Ukraine’s Kalush Orchestra won Eurovision 2022 by a landslide – the EBU has confirmed the 2023 competition will be hosted elsewhere (Picture: EPA)
Eurovision winners Kalush Orchestra have admitted he’s ‘surprised and disappointed’ over the decision to keep the 2023 competition out of Ukraine.
The EBU previously released a statement saying the competition could be held in the UK. On Thursday, it released a statement saying it is standing firm on the decision to keep the competition out of Ukraine despite an outpouring of disappointment.
Speaking to Metro.co.uk, Kalush Orchestra frontman Oleg Psyuk admitted he was ‘surprised’.
‘I’m very disappointed because we had hoped to host it in Ukraine,’ he explained.
The Ukranian entry won Eurovision 2022 with a landslide in the televotes, receiving a well-earned congratulations from President Volodymyr Zelensky.
However, shortly after the competition, Kalush Orchestra auctioned off the tropy, raising a huge $900,000 (£700,000) to help the Ukrainian army.
Reflecting on the auction, he said: ‘It’s very important to help our country at the moment.’
Speaking about the other ways the group has managed to help the Ukranian effort, Oleg went on: ‘We help as much as we can. I have a volunteering organisation, one of my musicians is fighting on the front line, and we’re also raising donations and money from the ticket sales and we send it all to Ukraine’.
Kalush Orchestra were hoping the competition would be held in Ukraine next year (Picture: Getty Images)
Ahead of Kalush Orchestra’s upcoming performance at Glastonbury Festival, Oleg urged fans in the UK: ‘Follow our work, make sure to follow our music. Our culture is, at the moment, being under attack [so] if you would like to help, listen to our work, cultural music, and follow us.’
Earlier this month, the EBU confirmed it would start discussions with the BBC about potentially hosting Eurovision in the UK.
Ukraine quickly expressed their upset at the decision, with the EBU facing criticism from Ukraine’s Minister of Culture and the head of its state broadcaster.
However, despite being aware of the ‘disappointment’ from Ukraine after finding out the 2023 contest would not be held in the winning country, the EBU has confirmed they will not be shifting their plans.
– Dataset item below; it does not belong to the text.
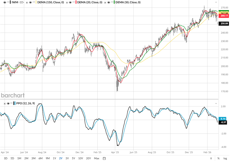 I don’t sugarcoat things. So let’s be clear: while risk is just risk until price action follows through to the downside, it will take quite a change of circumstances to stop small-cap stocks from plummeting from here. This is about as vulnerable a chart as I’ve seen in a while. It has all the makings of a move down toward the August lows around $210. And if it doesn’t burn all its bear fuel by then, last April’s $170 bottom is in play. That’s a breezy one-third off Friday’s close. ServiceNow Stock May Be Setting Up a Hidden Options Opportunity Defense Stocks Like RTX Corp Look Attractive to Value Investors and OTM Option Plays Unusual Options Activity Alert: The Smart Money Is Trading These 2 Nasdaq-100 Stocks Get exclusive insights with the FREE Barchart Brief newsletter. Subscribe now for quick, incisive midday market analysis you won't find anywhere else. So to me, the surge in unusual options activity for the iShares Russell 2000 ETF (IWM) is less of a surprise and more of a confirmation for those who have long viewed small-caps as structural laggards. As of Friday’s close, Barchart.com’s unusual options activity page is highlighting a massive spike in put volume that suggests the “smart money” is no longer treating IWM as a dormant value play, but is instead preparing for a significant technical breakdown. And I say, it’s about time! You see, the core problem with IWM is that it has become a no-alpha asset class that consistently fails to justify its higher volatility. When the market is at its best, IWM often only manages to rival the returns of the Invesco S&P 500 Equal Weight ETF (RSP), which offers a similar diversification benefit without the exposure to thousands of companies that lack the potency of the micro-cap space. For investors seeking true small-cap growth, funds targeting even smaller-cap stocks can often offer a more pure play, leaving IWM trapped in a middle ground where it captures all the downside of a weak market with very little of the upside of a high-conviction rally. I recently added the iShares Micro-Cap ETF (IWC) to my core portfolio of 10 ETFs that I rotate among. From a fundamental perspective, the plight of IWM is compounded by its sector mix, which tilts toward healthcare and industrials, sectors that have faced a structural drag compared to the tech-heavy giants of the S&P 500 Index. In an environment where persistent inflation remains a concern, these smaller firms often face higher borrowing costs and deeper drawdowns during market shifts. The rapidly deteriorating technical picture is the final piece of the bearish puzzle. IWM has recently experienced significant downward pressure, falling more than 2% in a single session to close at 250.89 last Friday, March 6. The increased put volume is a clear signal that the market is finally seeing what I have believed for a while: When the tide goes out, IWM is the first to leave investors stranded. Specifically, the following unusual IWM put options, highlighted in yellow on either side of those 2 SPY contracts, are currently in the spotlight for their popularity: Strike 238.00 (Exp 03/20/26): Showing an extreme Volume to Open Interest (Vol/OI) ratio of 38, with volume exceeding 96,000 against an open interest of just 2,526. Strike 239.00 (Exp 03/20/26): Recording a Vol/OI ratio of 22, with massive volume of 112,017 compared to an open interest of 5,177. Strike 245.00 (Exp 03/13/26): Carrying a Vol/OI ratio of 12.4, as volume reached 67,437 against 5,451 open interest. Strike 250.00 (Exp 03/13/26): Seeing a Vol/OI ratio of 4.4, with 75,409 in volume against 17,207 open interest. With momentum indicators turning negative and institutional hedges piling up, these puts rightfully command attention as primary tools for those betting on continued small-cap underperformance. Now, those options highlighted above are very short term. But this article is about “unusual” activity, not the normal activity I’d expect to see if IWM starts to fade further. Namely, that all put contracts will find an aggressive bid, as the hopes of “this time is different” falter. That’s just a really bad chart above. Moving averages tipped over, the percentage price oscillator (PPO) crossing down through zero, and the shape of that PPO line screams “getting worse” due to the increased downside angle late last week. With volatility around 30 at the close of last week, this might be a case where I spend the first part of this week trying to “take big shots with small amounts of money,” one of my trading mantras. Those 3/20/26 $238 puts would fit the bill. They are not cheap, for sure. But I’ve found this year that once the horse leaves the proverbial barn, even above-average volatility can reward put buyers for a little while. Rob Isbitts created the ROAR Score, based on his 40+ years of technical analysis experience. ROAR helps DIY investors manage risk and create their own portfolios. For Rob's written research, check out ETFYourself.com. On the date of publication, Rob Isbitts did not have (either directly or indirectly) positions in any of the securities mentioned in this article. All information and data in this article is solely for informational purposes. This article was originally published on Barchart.com

In a statement, the EBU said: ‘The decision was guided by the EBU’s responsibility to ensure the conditions are met to guarantee the safety and security of everyone working and participating in the event, the planning of which needs to begin immediately in the host country.
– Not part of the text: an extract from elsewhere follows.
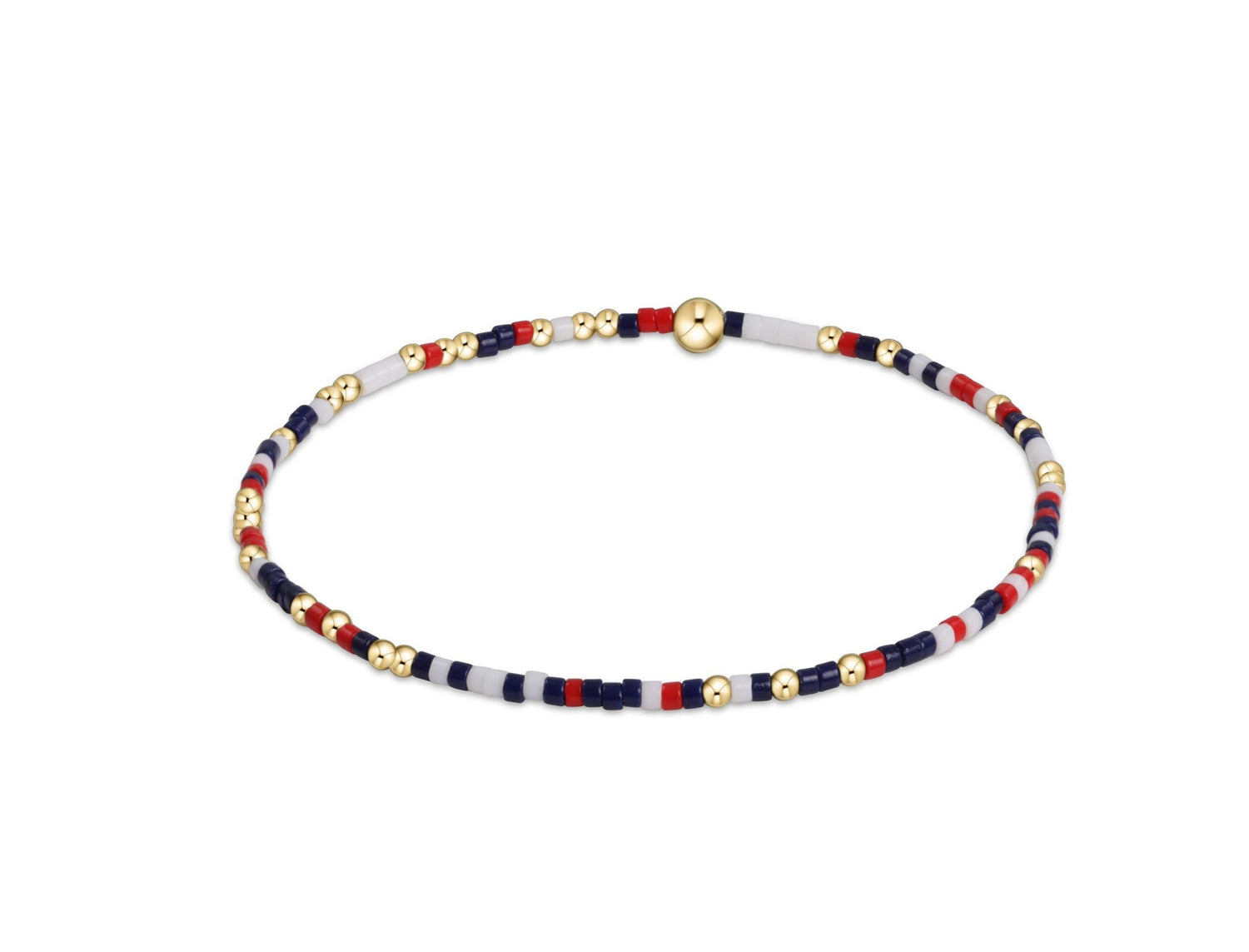 Get ready for the Fourth of July with ourEnewton - Extends Hope Unwritten Bracelet - Firecracker, designed with a delightful mix of 2mm red white and blue seed beads and 2mm 14k gold-filled beads. This hand-beaded bracelet is crafted on high-performance elastic, providing a comfortable stretch that allows for easy wear. Enjoy worry-free use as you can sleep, shower, and sweat without concern. Measuring 7.25 inches, this bracelet stacks beautifully with all your favorite accessories, making it a versatile addition to your collection. Embrace the spirit of spring and summer with the Enewton - Extends Hope Unwritten Bracelet - Firecracker

‘At least 10,000 people are usually accredited to work on, or at, the Eurovision Song Contest including crew, staff and journalists. A further 30,000 fans are expected to travel to the event from across the world. Their welfare is our prime concern. It is therefore critical that decisions made in relation to such a complex live television event are made by broadcasting professionals and do not become politicized.’